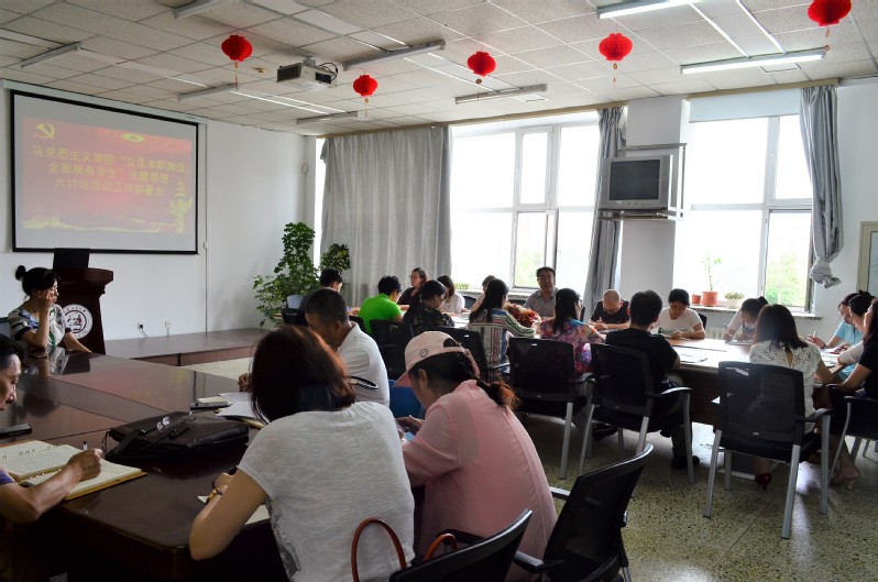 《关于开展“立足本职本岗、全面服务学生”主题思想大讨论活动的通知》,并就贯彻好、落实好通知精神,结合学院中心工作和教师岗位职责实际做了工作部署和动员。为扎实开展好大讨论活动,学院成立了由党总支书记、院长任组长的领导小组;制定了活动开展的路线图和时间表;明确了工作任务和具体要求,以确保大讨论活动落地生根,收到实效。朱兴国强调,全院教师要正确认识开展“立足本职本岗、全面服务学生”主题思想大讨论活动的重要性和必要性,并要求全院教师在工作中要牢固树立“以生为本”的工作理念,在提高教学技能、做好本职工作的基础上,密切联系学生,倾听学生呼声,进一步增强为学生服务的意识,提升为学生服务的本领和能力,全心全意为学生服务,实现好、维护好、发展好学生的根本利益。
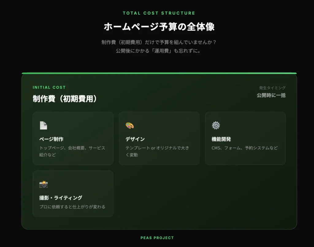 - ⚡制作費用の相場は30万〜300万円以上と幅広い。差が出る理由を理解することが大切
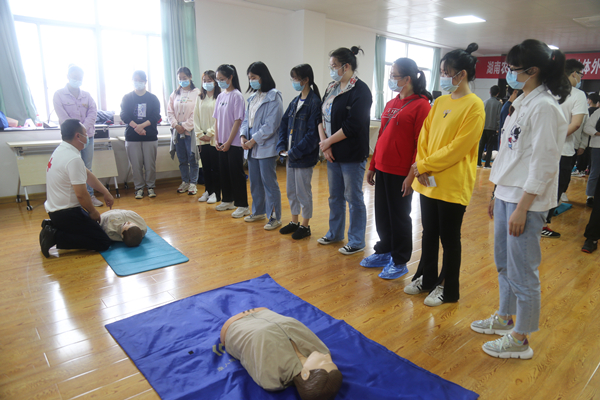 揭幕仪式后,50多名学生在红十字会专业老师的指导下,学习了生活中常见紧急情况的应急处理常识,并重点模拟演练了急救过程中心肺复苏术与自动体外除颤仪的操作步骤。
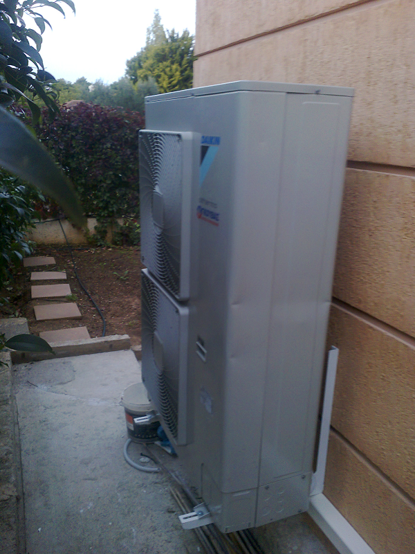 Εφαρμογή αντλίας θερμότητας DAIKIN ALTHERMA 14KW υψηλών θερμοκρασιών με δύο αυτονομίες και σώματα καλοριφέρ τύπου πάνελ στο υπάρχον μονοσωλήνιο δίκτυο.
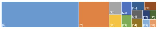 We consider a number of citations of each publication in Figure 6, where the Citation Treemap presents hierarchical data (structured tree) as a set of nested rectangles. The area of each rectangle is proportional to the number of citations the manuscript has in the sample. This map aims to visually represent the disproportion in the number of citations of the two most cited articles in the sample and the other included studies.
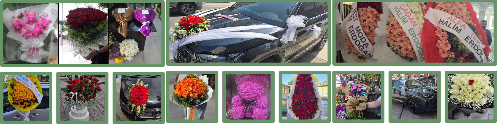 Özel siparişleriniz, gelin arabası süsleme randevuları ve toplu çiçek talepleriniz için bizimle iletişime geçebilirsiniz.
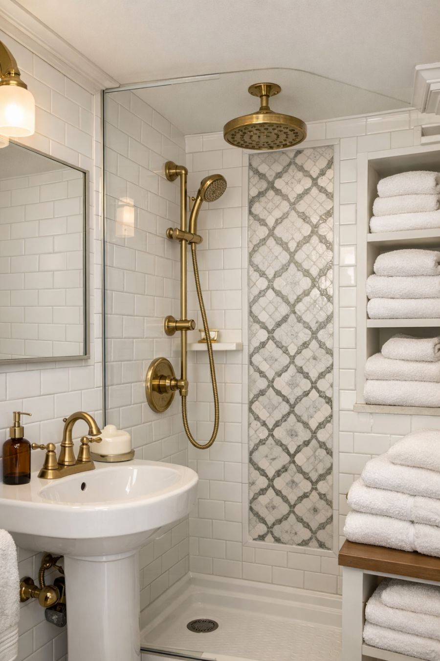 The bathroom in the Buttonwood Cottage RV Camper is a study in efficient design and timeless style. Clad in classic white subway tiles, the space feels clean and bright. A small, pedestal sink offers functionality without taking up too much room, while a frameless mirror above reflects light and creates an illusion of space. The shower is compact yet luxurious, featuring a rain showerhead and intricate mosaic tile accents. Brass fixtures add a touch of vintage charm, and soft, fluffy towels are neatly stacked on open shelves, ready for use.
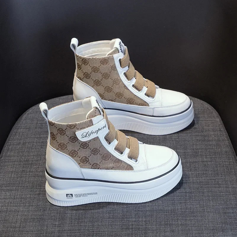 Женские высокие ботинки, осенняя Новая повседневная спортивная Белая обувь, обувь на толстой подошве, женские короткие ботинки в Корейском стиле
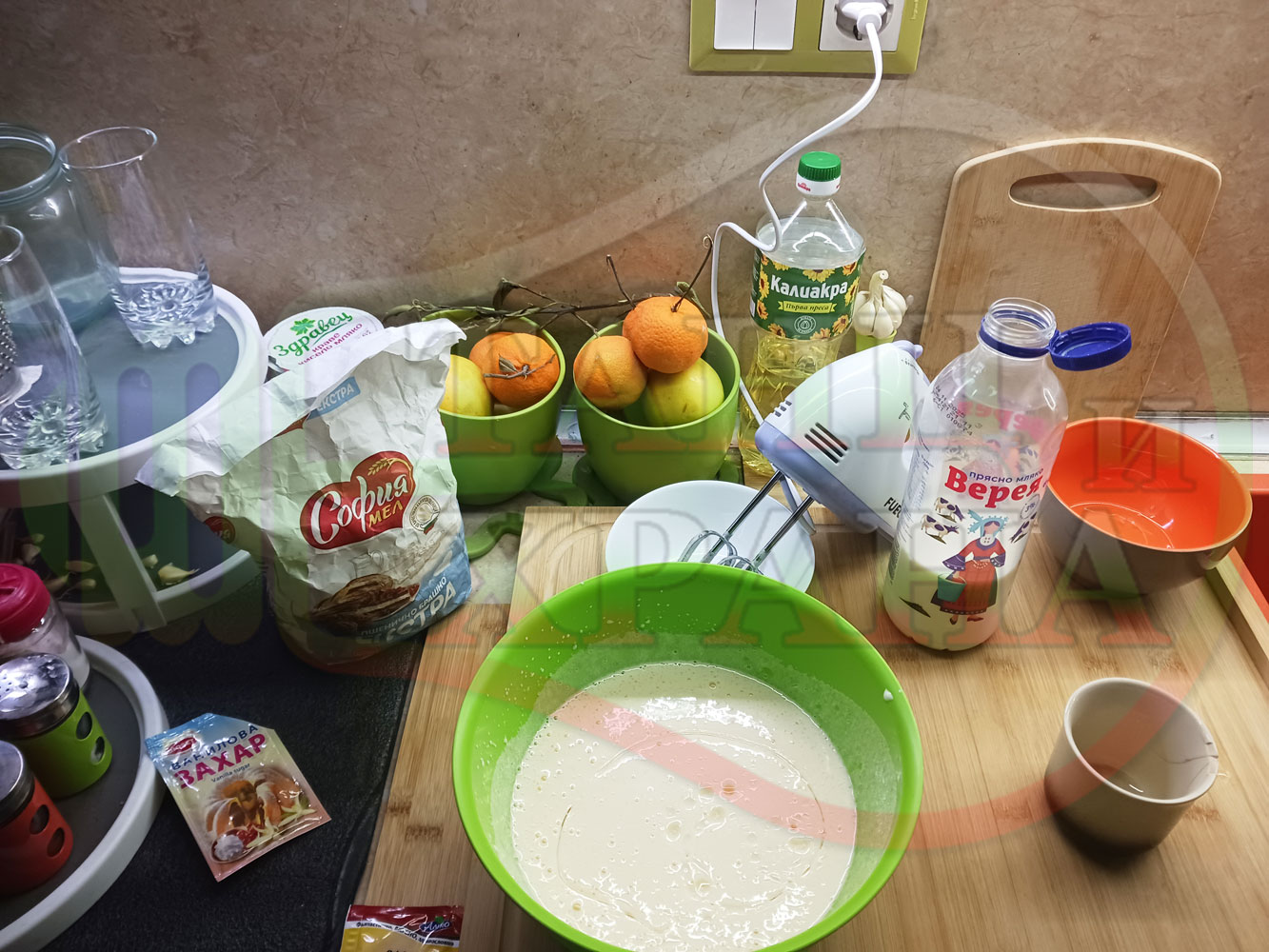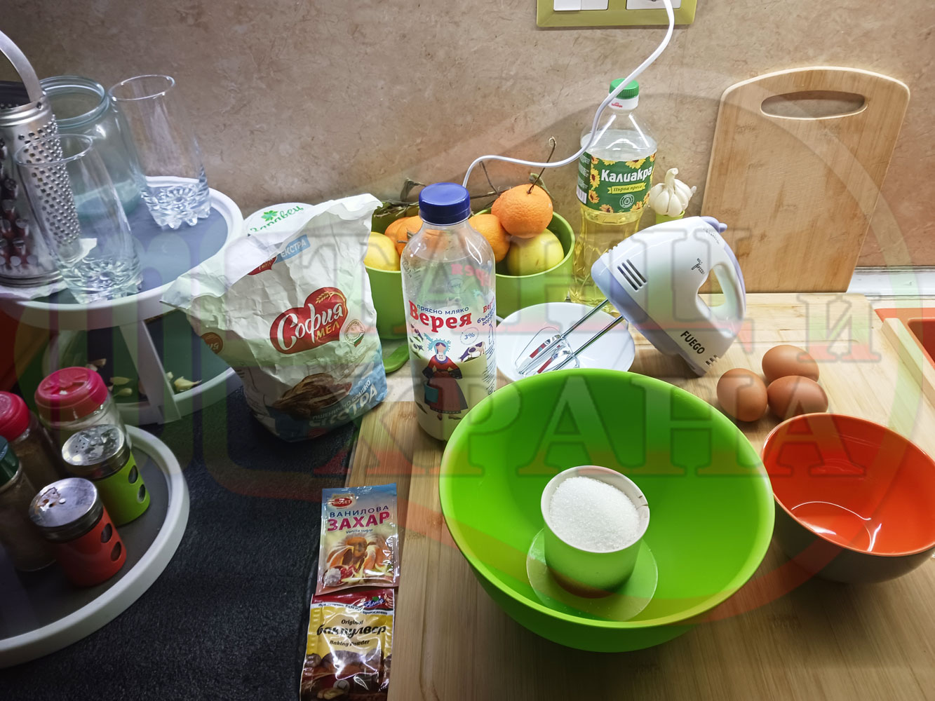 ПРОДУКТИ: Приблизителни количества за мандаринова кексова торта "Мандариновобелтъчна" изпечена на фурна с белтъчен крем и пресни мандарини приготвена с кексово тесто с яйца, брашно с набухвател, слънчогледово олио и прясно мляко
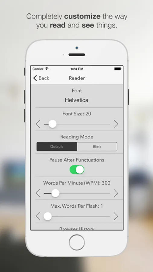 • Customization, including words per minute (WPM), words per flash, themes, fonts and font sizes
+ + + + + + +
What's needed is an exact copy of the records above from the line containing "揭幕仪式后,50多名学生在红" down to the line containing "Özel siparişleriniz, gelin", both included, without any pictures.

 揭幕仪式后,50多名学生在红十字会专业老师的指导下,学习了生活中常见紧急情况的应急处理常识,并重点模拟演练了急救过程中心肺复苏术与自动体外除颤仪的操作步骤。
 Εφαρμογή αντλίας θερμότητας DAIKIN ALTHERMA 14KW υψηλών θερμοκρασιών με δύο αυτονομίες και σώματα καλοριφέρ τύπου πάνελ στο υπάρχον μονοσωλήνιο δίκτυο.
 We consider a number of citations of each publication in Figure 6, where the Citation Treemap presents hierarchical data (structured tree) as a set of nested rectangles. The area of each rectangle is proportional to the number of citations the manuscript has in the sample. This map aims to visually represent the disproportion in the number of citations of the two most cited articles in the sample and the other included studies.
 Özel siparişleriniz, gelin arabası süsleme randevuları ve toplu çiçek talepleriniz için bizimle iletişime geçebilirsiniz.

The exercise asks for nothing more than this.